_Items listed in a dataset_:
● ● ● ● ● ● ●

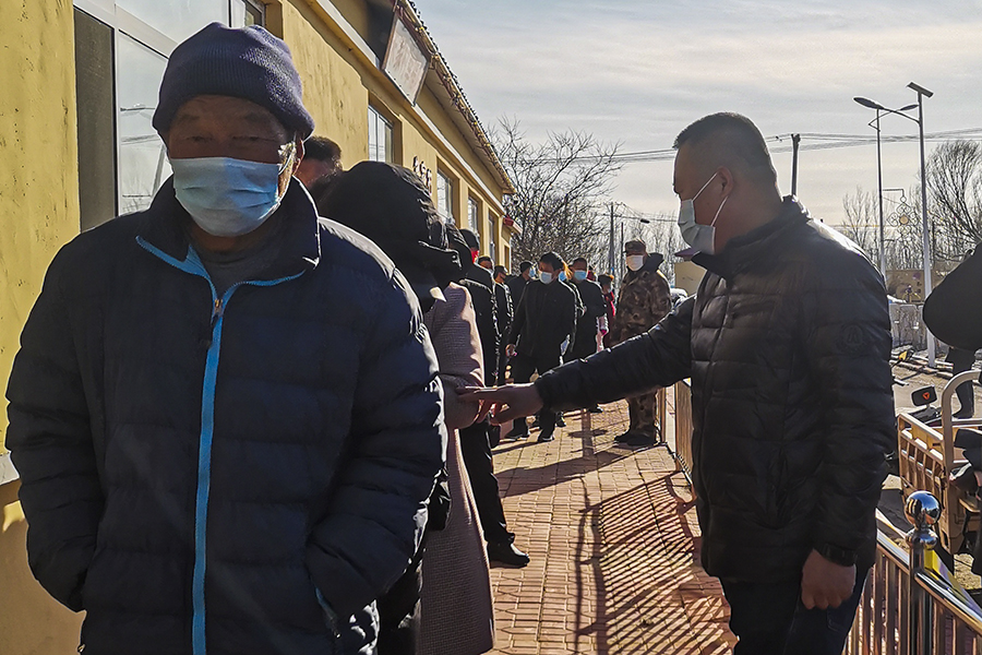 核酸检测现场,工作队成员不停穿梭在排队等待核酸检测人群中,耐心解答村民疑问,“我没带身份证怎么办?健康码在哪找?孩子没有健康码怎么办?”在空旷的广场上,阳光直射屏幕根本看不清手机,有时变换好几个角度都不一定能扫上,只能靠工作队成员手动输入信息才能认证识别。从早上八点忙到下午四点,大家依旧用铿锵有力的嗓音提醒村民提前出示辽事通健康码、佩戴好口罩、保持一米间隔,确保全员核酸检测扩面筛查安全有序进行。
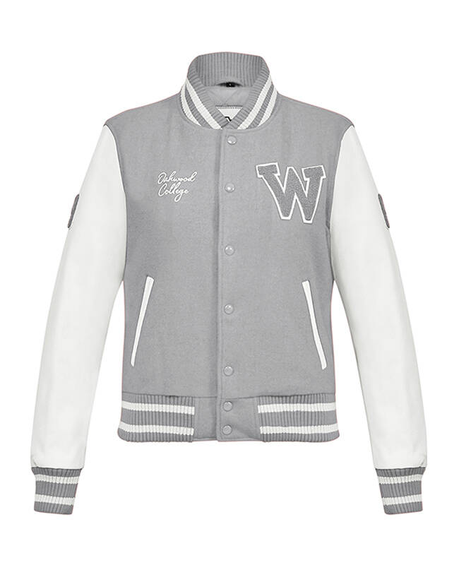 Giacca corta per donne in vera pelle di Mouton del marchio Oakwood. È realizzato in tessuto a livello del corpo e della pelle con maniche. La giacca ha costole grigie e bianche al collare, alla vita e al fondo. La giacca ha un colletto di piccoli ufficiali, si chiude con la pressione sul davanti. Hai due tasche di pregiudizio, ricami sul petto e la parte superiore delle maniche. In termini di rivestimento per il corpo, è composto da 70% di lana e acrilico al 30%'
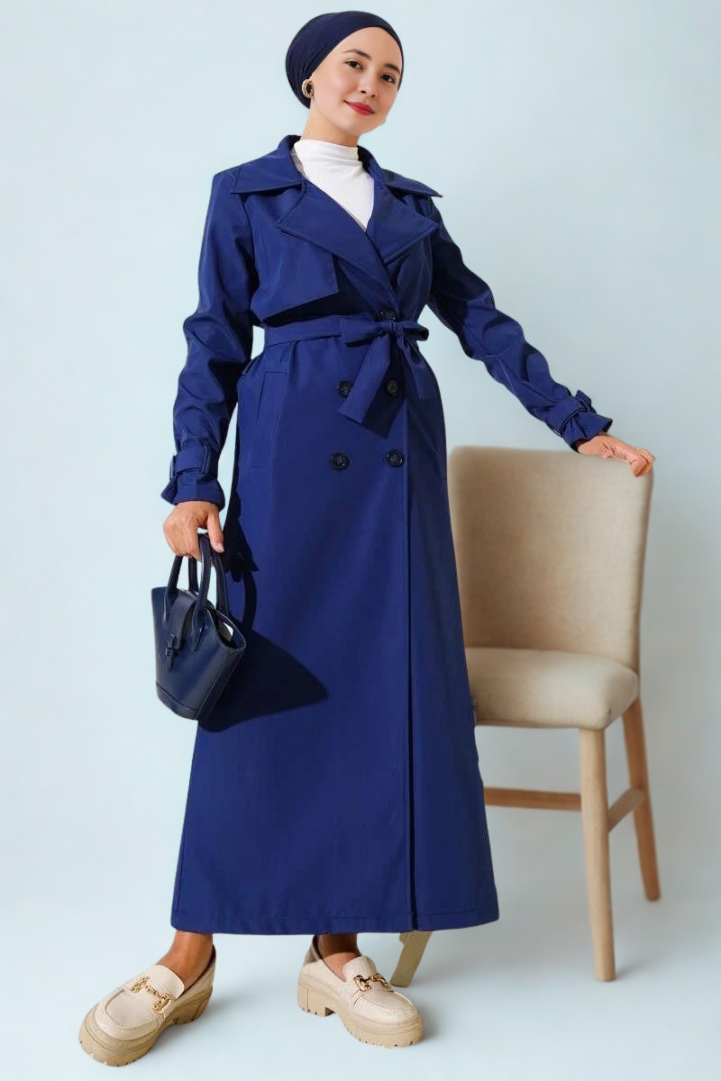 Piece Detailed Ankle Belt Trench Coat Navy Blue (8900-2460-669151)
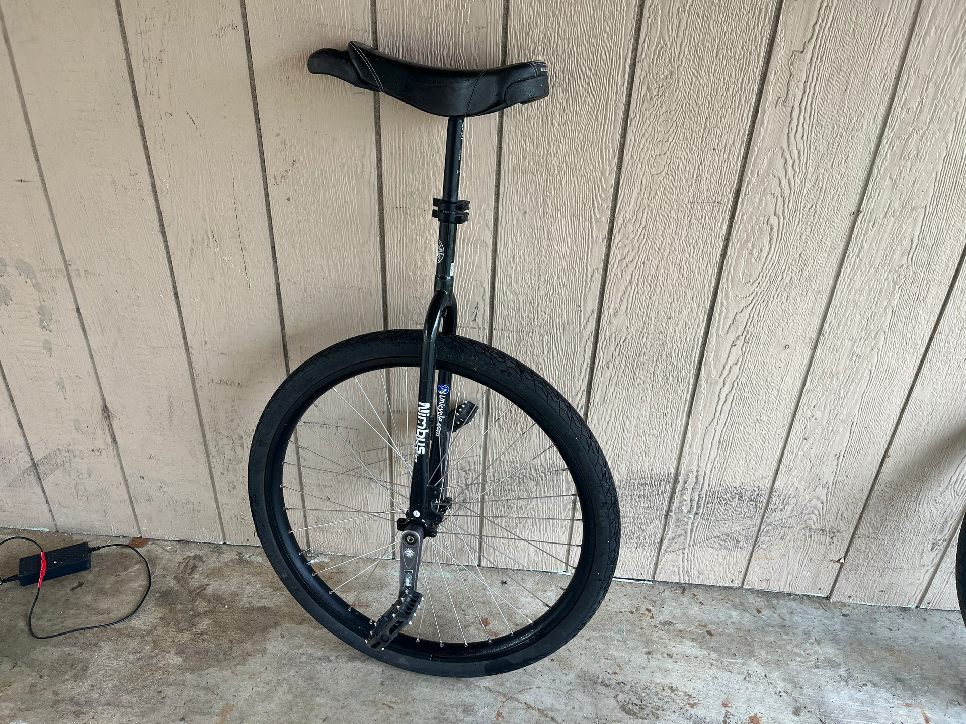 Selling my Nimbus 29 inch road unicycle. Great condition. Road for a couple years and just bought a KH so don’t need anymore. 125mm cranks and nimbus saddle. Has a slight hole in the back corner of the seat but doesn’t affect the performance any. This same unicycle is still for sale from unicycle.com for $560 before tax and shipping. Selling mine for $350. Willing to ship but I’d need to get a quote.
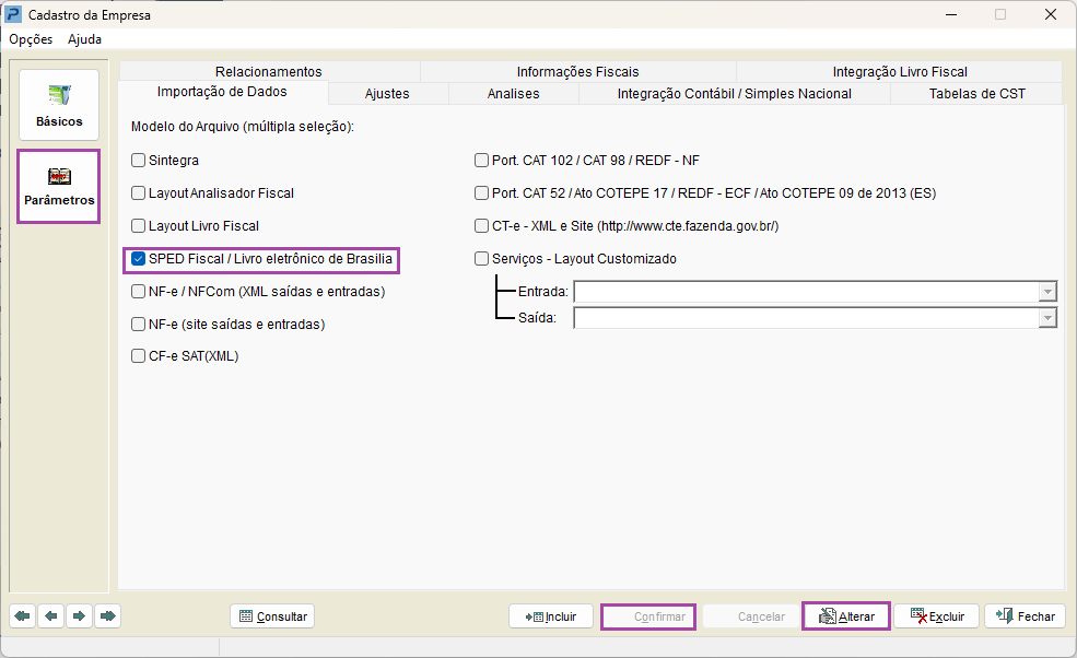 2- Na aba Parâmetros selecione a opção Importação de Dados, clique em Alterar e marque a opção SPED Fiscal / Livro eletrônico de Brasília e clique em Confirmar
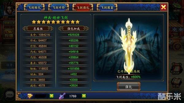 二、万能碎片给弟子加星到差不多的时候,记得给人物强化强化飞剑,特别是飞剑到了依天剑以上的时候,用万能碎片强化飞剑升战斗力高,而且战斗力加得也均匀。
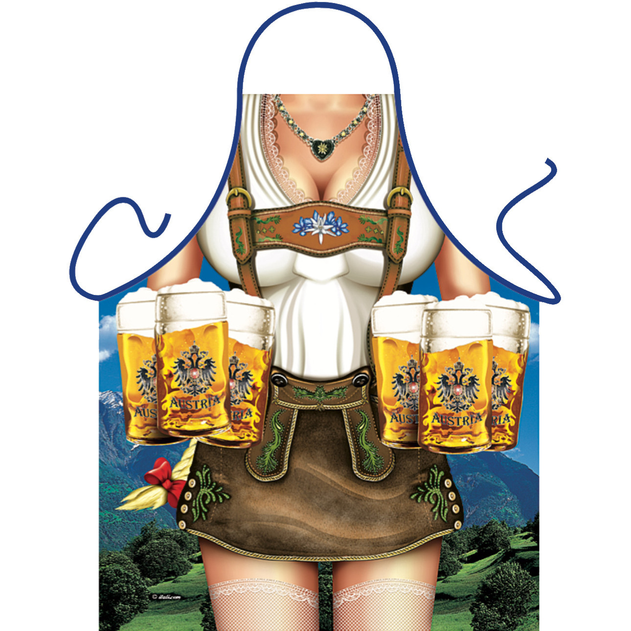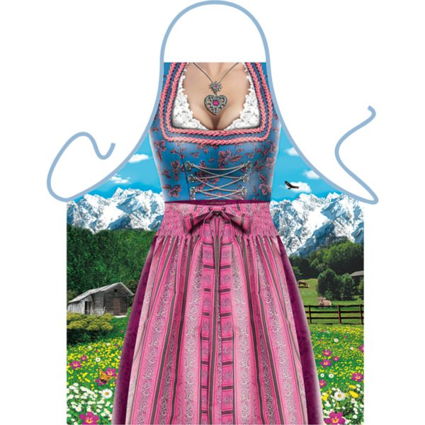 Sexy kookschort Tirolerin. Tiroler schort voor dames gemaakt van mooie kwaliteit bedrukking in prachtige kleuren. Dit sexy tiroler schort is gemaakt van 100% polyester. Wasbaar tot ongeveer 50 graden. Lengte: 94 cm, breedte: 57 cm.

● ● ● ● ● ● ●

_WHAT IS BEING ASKED_: Skip the pictures. Return exactly the lines from the one containing "Piece Detailed Ankle" through the end of the data above, both included, and nothing besides.

_ANSWER SPACE_:
 Piece Detailed Ankle Belt Trench Coat Navy Blue (8900-2460-669151)
 Selling my Nimbus 29 inch road unicycle. Great condition. Road for a couple years and just bought a KH so don’t need anymore. 125mm cranks and nimbus saddle. Has a slight hole in the back corner of the seat but doesn’t affect the performance any. This same unicycle is still for sale from unicycle.com for $560 before tax and shipping. Selling mine for $350. Willing to ship but I’d need to get a quote.
 2- Na aba Parâmetros selecione a opção Importação de Dados, clique em Alterar e marque a opção SPED Fiscal / Livro eletrônico de Brasília e clique em Confirmar
 二、万能碎片给弟子加星到差不多的时候,记得给人物强化强化飞剑,特别是飞剑到了依天剑以上的时候,用万能碎片强化飞剑升战斗力高,而且战斗力加得也均匀。
 Sexy kookschort Tirolerin. Tiroler schort voor dames gemaakt van mooie kwaliteit bedrukking in prachtige kleuren. Dit sexy tiroler schort is gemaakt van 100% polyester. Wasbaar tot ongeveer 50 graden. Lengte: 94 cm, breedte: 57 cm.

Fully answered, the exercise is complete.